90-е годы. Развал СССР, пустые полки, потеря их с Ниной накоплений, задержки зарплат, километровые очереди в магазины, страх, сборы бутылок, чтобы подзаработать, талоны, выборы.
А вместе с тем жизнь вместе с Ниной в семейном общежитии института, где Волков работал после окончания. Веселая и счастливая, в целом, жизнь!
Через маму Нины, профессора Костину, они получали изредка заграничные вещи, обувь, продукты. Нина варила для Волкова джинсы-варенки.
Авария, положившая конец жизни Нины тоже была в 93-ем году.
«Какой насыщенный год, – думал Волков. – Вся жизнь уместилась в один. Что было потом, уже неинтересно. Цифры, отпуска, больничные, и больше ничего».
Из коридора донесся оглушительный крик сотен мужиков. В комнату ворвался шум, несколько человек что-то разгорячено обсуждали.
– Эй, – тряхнул Волкова кто-то.
Волков поднял голову – это был Долговязый.
– Ну чего? – недовольно буркнул Волков.
– Эй, Волков, совсем опух? Там же наши, наши забили! – лицо у Долговязого было счастливое и красное от волнения. – В натуре забили, Волков!
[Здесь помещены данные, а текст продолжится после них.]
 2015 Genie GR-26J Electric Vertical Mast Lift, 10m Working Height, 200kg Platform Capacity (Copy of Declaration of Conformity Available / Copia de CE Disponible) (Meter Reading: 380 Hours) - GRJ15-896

Давай, вставай, ты чо!
Волков резко встал и пошел в общую комнату, где все смотрели матч по телевизору.
«Только посмотрю, кто забил, – думал про себя Волков, – больше ничего не интересно».
Волков зашел в комнату и ощутил спертый воздух, духоту, массу потных тел. Голова закружилась, он стоял, как рыба широко открывая рот, и вдруг ощутил резкую боль в груди.
В этот момент его оглушила еще одна волна крика. Все расплывалось перед глазами, но Волков успел увидеть, что все почему-то прыгают и обнимают друг друга. Волков потерял сознание.
Очнулся он от еще одного приступа боли в груди. Он лежал на кровати и задыхался. Вокруг не было никого, и он отчаянно забарабанил рукой по деревяшке кровати. На звук пришла медсестра.
– Проснулся? – удивилась она. – Что с вами? Вам больно? Я сейчас.
Она убежала и вскоре вернулась вместе с врачом.
– Давай укол, быстро, – командовал врач.
Волкову сделали укол в вену. Постепенно боль стала утихать.
– Сердце, Волков, сердце, – угрюмо кивнул врач. – Мы с вами немолоды, это и надо было ожидать. Не берегли себя.
– Всегда было в порядке, – устало протестовал Волков.
– Не думаю, – покачал головой врач. – У вас серьезный случай, Волков. У вас была деформация органов, видимо из-за какой-то серьезной травмы, сейчас это и вылезло. Я буду писать прошение о досрочном вашем освобождении. С такими болячками надо сидеть дома и думать о душе.
– О какой еще душе? – не понял Волков. – У меня не было травм.
– Как же не было, вот ваш рентген. Видите? Внутренние органы смешены. Я поднял вашу карту. У вас был перелом ребер, травма позвоночника, травма головы, сотрясение, остановка сердца.
– Что? Когда это было? – Волков попытался приподняться.
– Ну, это было давно, но дает о себе знать сейчас, Волков. На фоне этой картины сердечная мышца перетруждает себя, а сейчас я говорю о полном износе. Я не даю вам никаких советов, но готовьтесь к самому худшему. Мы с вами пожили. Можно, как говорится, приближаться к Богу.